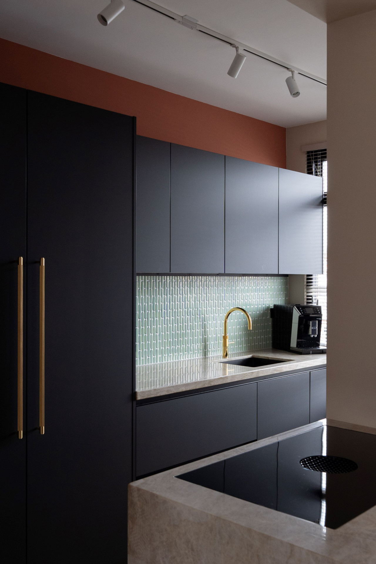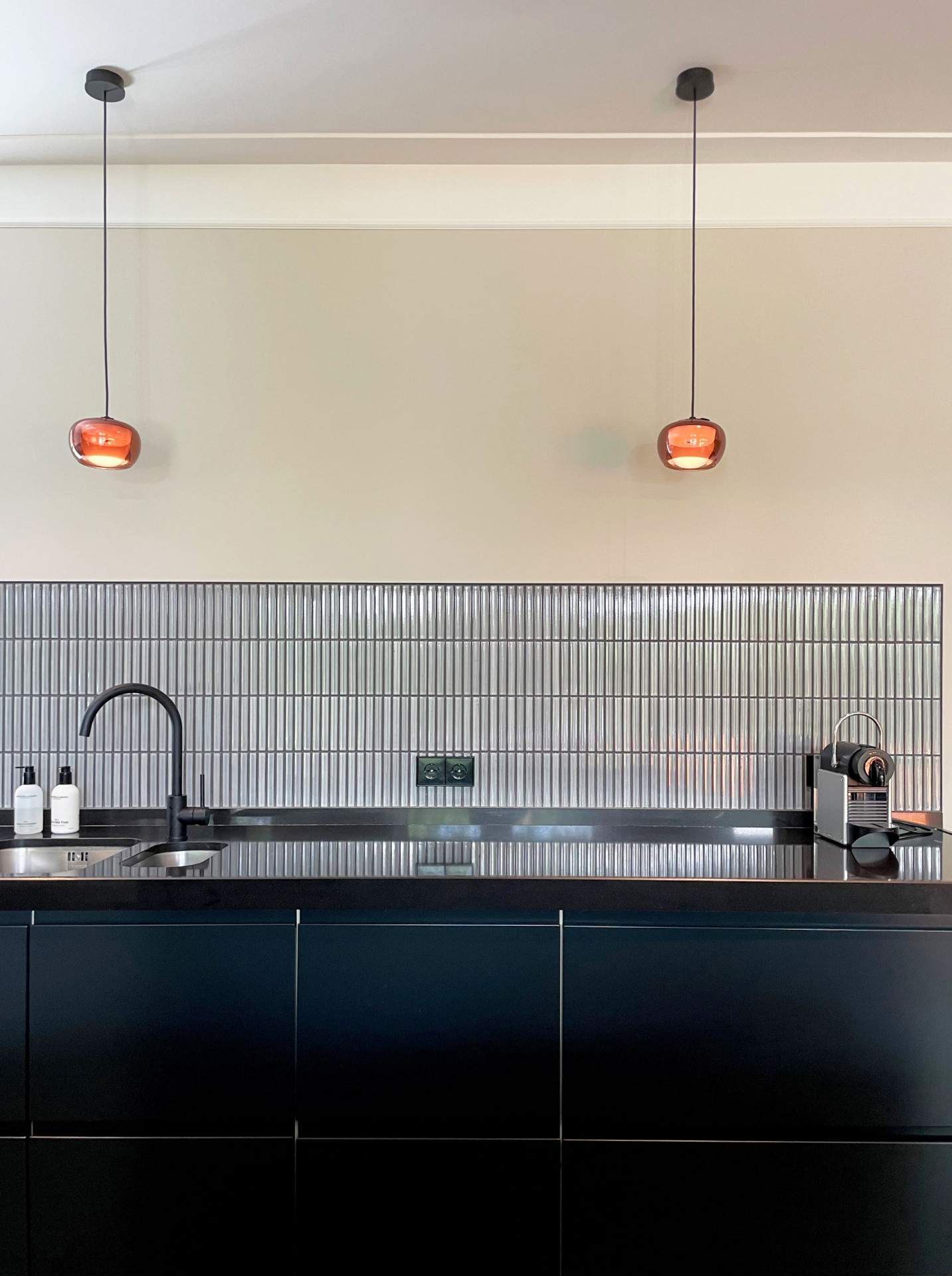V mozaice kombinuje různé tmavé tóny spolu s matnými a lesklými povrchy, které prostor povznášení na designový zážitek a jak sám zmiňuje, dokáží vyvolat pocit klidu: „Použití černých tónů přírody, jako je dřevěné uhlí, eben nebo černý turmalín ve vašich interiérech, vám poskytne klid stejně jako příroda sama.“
--
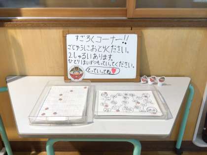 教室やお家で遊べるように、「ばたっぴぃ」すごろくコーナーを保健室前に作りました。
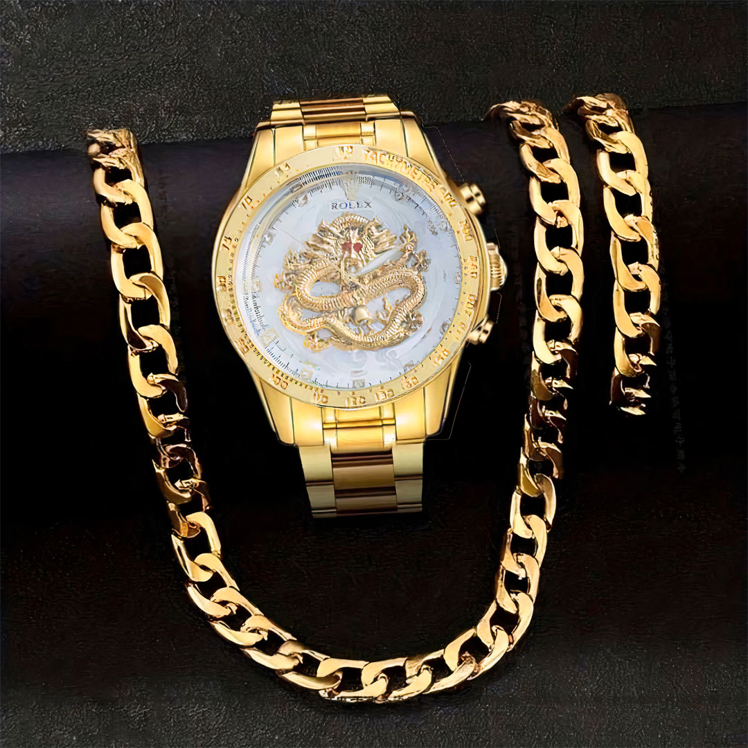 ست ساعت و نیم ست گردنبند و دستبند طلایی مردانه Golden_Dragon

=== Instructions to follow ===
Above are records with pictures. Reproduce exactly only the lines from the line with "教室やお家で遊べるように、「" through the line with "ست ساعت و نیم", both ends included, and leave the pictures out.

=== Exercise response ===
 教室やお家で遊べるように、「ばたっぴぃ」すごろくコーナーを保健室前に作りました。
 ست ساعت و نیم ست گردنبند و دستبند طلایی مردانه Golden_Dragon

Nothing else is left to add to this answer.